To help us see clearly, here are provisions of the BC’s speculation tax on real estate in bullets:

  • The tax applies to speculative properties on certain parts of the province

    According to the website, the tax will only be enforced to properties within the largest urban centres: Metro Vancouver, Capital Regional District (excluding the Gulf Islands and Juan de Fuca), Kelowna and West Kelowna, Nanaimo Lantzville, Abbotsford, Chilliwack, and Mission.

  • The tax applies to all speculators—foreign, Canadian, and British Columbian

    If you’re a native or a foreigner who owns property within the aforementioned British Columbian urban centres, you are expected to pay the tax. It doesn’t matter if it’s a family vacation house, or it wasn’t bought for speculator purposes. As long as it sits idle, it has to be freed for rental for at least six months a year, or the speculation tax will apply.

  • Taxes will apply on houses that are vacant and valued more than $400,000

    The 0.5% speculation tax will be based on the total value of your vacant or secondary properties. According to the Macleans website, there is also tax credit given for those who declare their BC income, but this is still unclear.

  • Special exemptions are provided

    According to the BC website, if the owner resides in a hospital or undergoing long-term care in a supportive care facility; temporarily absent because of work; or deceased, then the speculative tax exemption may apply. This also includes estates that are being administered.

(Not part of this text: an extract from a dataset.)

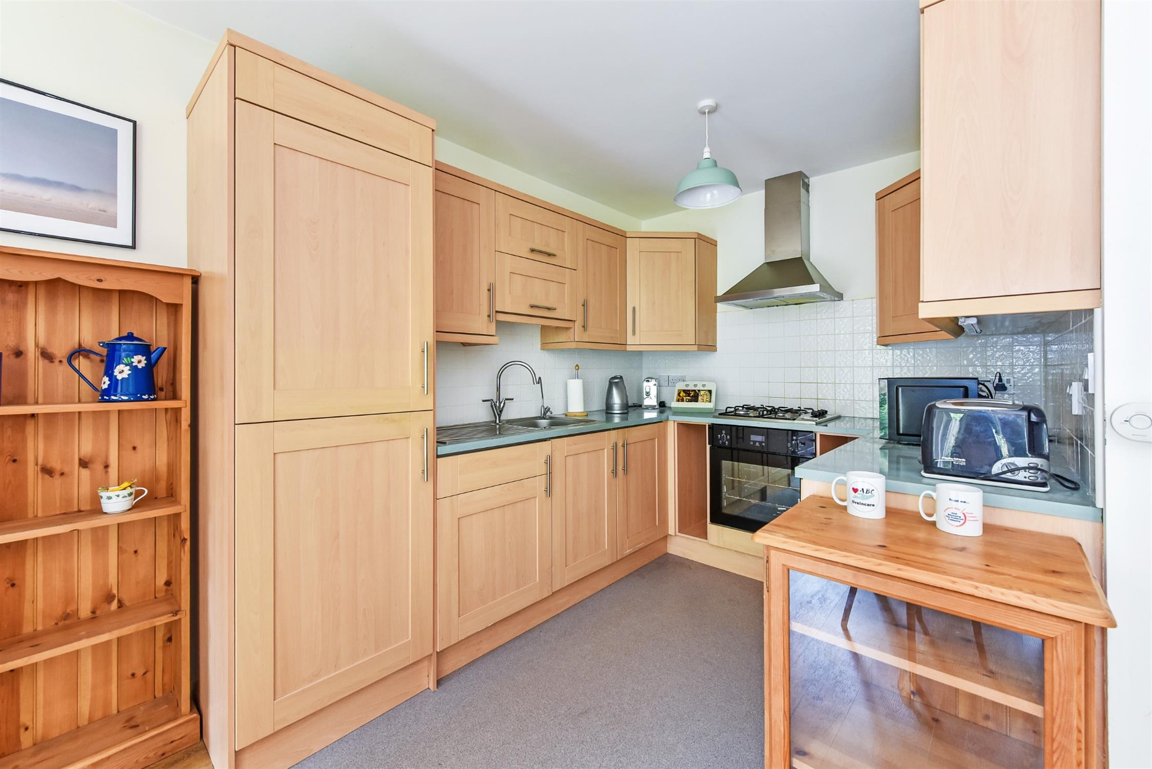 The kitchen appliances include gas hob, oven, sink with drainer, built-in washing machine, large built-in fridge freezer and there are ample high and low-level units.

The Flipside of the BC’s Speculation Tax on Real Estate

With the introduction of new policies come critics and sceptics; this does not mean they’re not welcome, though. These are few of the issues brought to the table by sceptics of the new tax, mainly from BC property developers.

  • The BC’s speculation tax on real estate does not solve the housing crisis

    For the ultra-rich, as pointed out in a Macleans article, 0.5% is a small sacrifice to pay to build up property and keep them vacant. In fact, the speculation tax will only most likely burden middle-class BC and non-BC residents from the property they are keeping for their families.

  • What the housing crisis is to reduce the cost to build

    According to Daniel Greenhalgh of ENM Construction Management, the speculation tax will not help lower housing and rental prices by freeing up more housing stock. What would help is for government to reduce the cost in building more houses.

The many issues that surround the BC’s speculation tax on real estate are far from over, but it helps for us to keep tabs on the pros and cons that may affect you and your family.